Pada tahun 1993, kembali ia ditugaskan di Kopassus, dengan jabatan Pejabat Sementara Komandan Grup
III Pusdik Kopassus, dan tak lama kemudian menjadi Komandan Grup 3 Pusat Pendidikan Pasukan Khusus
(Pusdikpasus). Tahun 1994, kembali ia dipromosikan untuk mendampingi Brigjen Soebagyo Hari Siswoyo,
yang saat itu menjabat Komandan Kopassus, sebagai Wakil Komandan Kopassus.

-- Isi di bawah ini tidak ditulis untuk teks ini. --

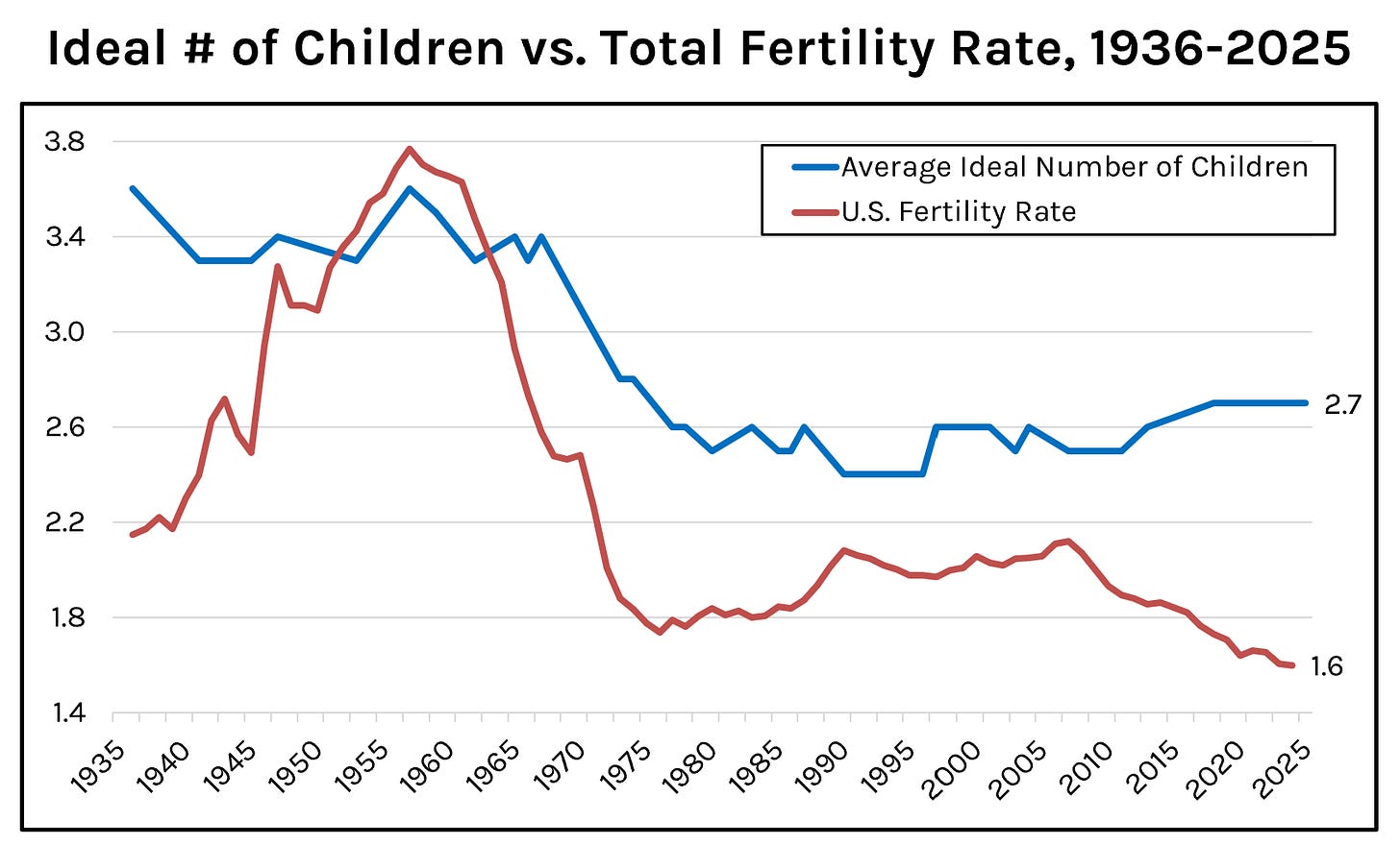 Since 1936, Gallup has asked Americans how many children they consider ideal. This summer, the answer reached 2.7, the highest in 50 years. But in reality, Americans are having far fewer children: The total fertility rate is just 1.6. That’s a record 1.1-child shortfall between aspiration and reality.
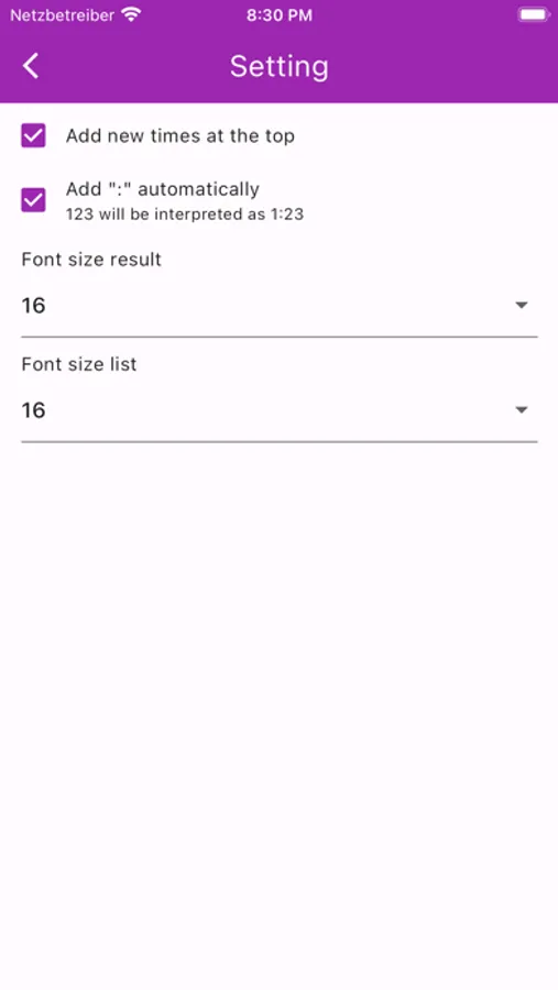 With the app you can easily add and subtract times. The times can be easily entered over the integrated keyboard.

Sejak menjabat posisi Wakil Komandan Kopassus, aktifitas Prabowo di luar tugas keprajuritan makin
kentara. Malah, ia pun tak segan tampil di depan publik dan diliput media massa, baik dengan baret
merahnya, maupun kegiatannya selaku Ketua Majelis Pertimbangan Keluarga Mahasiswa Alumni Penerima
Beasiswa Supersemar.

Hanya magang menjadi Wakil Komandan selama 14 bulan, ia naik satu level lagi menggantikan
komandannya, Soebagyo, yang dipromosikan menjadi Panglima Kodam IV/Diponegoro dan menyandang
dua bintang di bahu. Dengan demikian, Prabowo tercatat sebagai jenderal pertama alumni angkatan 1974.
Bila Anda masih ingat, saat itu, hampir semua halaman koran memuat potret Prabowo di halaman utama
sebagai Komandan Kopassus anyar.

Sesungguhnya, jauh sebelum diresmikan sebagai Komandan Kopassus, kabar naiknya Prabowo ini sudah
santer beredar di Jakarta. Bahkan jurnal East-West Center, edisi 8 September 1995, yang terbit di Amerika
Serikat, tak ragu-ragu meramalkan keberuntungan anak ketiga Sumitro ini dua bulan sebelum pelantikan
Prabowo.

Rupanya, ramalan ini tak keliru. Surat Keputusan Panglima Angkatan Bersenjata Republik Indonesia
Nomor 820/XI/1995 tanggal 15 November 1995 tentang ‘Pemberhentian dari dan Pengangkatan dalam
Jabatan di Lingkungan Angkatan Bersenjata Republik Indonesia’ pun terbit. Surat yang berlaku sejak 1
Desember 1995 mensahkan Prabowo sebagai Komandan Kopasus dengan bintang satu di pundak.